Colgate Administration and the Sexual Assault Problem That Shall Not Be Named

Colgate students received a broadcast email last Wednesday with the subject line, “The Use of Internal Lists.” The email discourages the use of “internal lists that identify alleged misbehaviors by specific Colgate students” being used to supposedly “deny benefits of membership, entry or participation in activities or events, and to isolate and hold the listed students accountable.” The email references how the supposed internal lists stand in conflict with university policies regarding nondiscrimination and anti-harassment. Vice President and Dean of the College Paul McLoughlin, the author of the now infamous email among students, takes issue with the “informal mechanisms” through which the students ended up on these conjectured lists. 

While I agree with McLoughlin that informal lists by student organizations have been historically used to discriminate against protected groups outside of Colgate, I would challenge Colgate’s administration to consider the conjectured lists in question not under the guise of discrimination, but rather through the prevalent and pervasive problem Colgate has with sexual assault. If we consider the speculated lists as true identifiers of students who have actively violated other students such that having them present is a safety concern, what does that say about our campus? What does that say about how our judicial policies around sexual assault are functioning? 

If we consider internal lists through the lens of safety concerns regarding sexual harassment, then really how fair and thorough are the university’s judicial processes? If these policies “follow practices and procedures that ensure community safety and values,” why is there even a need for student organizations to create supposed internal lists?

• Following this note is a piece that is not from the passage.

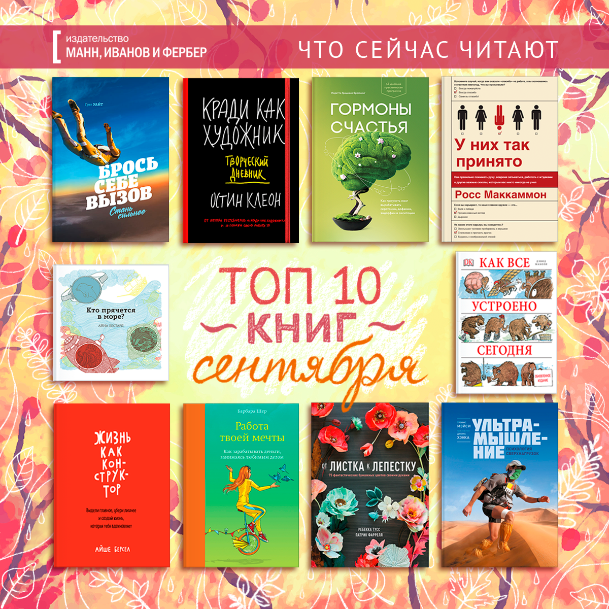 «Читателю хорошо — он может собственноручно выбрать писателя». Любопытная мысль, правда? Предлагаем посмотреть, что выбирали читатели книг МИФа в первый осенний месяц. Представляем ТОП-10 книг сентября. А чтобы вы не просто пролистывали список, выбрали по классной цитате из каждой книги.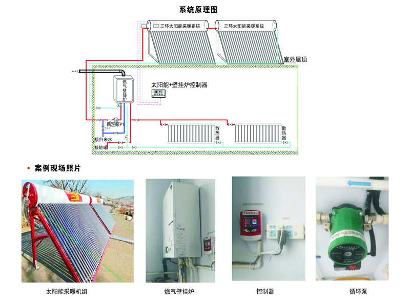 2臺58*1800-30支太陽能采暖專用機、20kW采暖專用壁掛爐、6m揚程太陽能循環泵、采暖末端(600型-18柱暖氣片兩組)、專用熱水循環管路及自動控制系統。

Either way you cut it, if internal lists are as prevalent as the email claims, students don’t feel safe on campus with just university policies to protect them. For McLoughlin to identify the student body not using official reporting systems as the culprit in this situation is a gross misappropriation of blame in an apparent attempt to free the Colgate administration from any culpability regarding the issue. Surely, Colgate’s judicial processes were present before any supposed internal list. I would challenge the administration to then consider that, if those judicial processes were effective, then no internal lists would need to be created at all. And if the judicial processes at Colgate are now suddenly as effective in maintaining campus safety as the email claims, then it is the administration’s job to re-earn students’ trust. Not to blame them for their attempt to ensure their own safety that the administration’s shortcomings created the need for in the first place. 

Moreover, if we consider the speculated lists as being related to issues of sexual assault rather than an issue of discrimination, the language of the email is not only tone-deaf, but disvalues efforts survivors are making in order to feel safe on campus. When read in the likely common context of the issue of sexual assault, the email seems to place the value of inclusion of sexual predators on campus over the right of survivors to feel safe within their own student organizations. 

This is not to say that the hypothetical lists could not be abused to discriminate against innocent members on campus. It is to say, though, that these lists could likely be a way students in organizations are trying to stay safe and protect each other from sexual harassment on campus. And if we approach them as such, or at least as a more complex issue than student inability to follow formal campus procedures as the email tries to do, we have a better chance of truly addressing campus safety in the most effective and comprehensive way. 

That being said, it feels that this email was extremely short-sighted toward the Colgate student body. Either the administration is so aloof to the problem that they didn’t think to consider the deeper implications of what they were writing, which I don’t believe, or they purposely overlooked the complexity and implications of the use of hypothetical internal lists in order to exclude themselves from their role in deeper issues regarding campus safety. I believe it is the latter.

If the Colgate administration is honestly concerned with campus safety and not just trying to exempt the administration from any responsibility regarding the issue at hand, then they must rebuild trust with the Colgate student body. The first step in that process, I believe, is issuing an apology email for this deeply problematic and offensive addressing of “the use of internal lists.”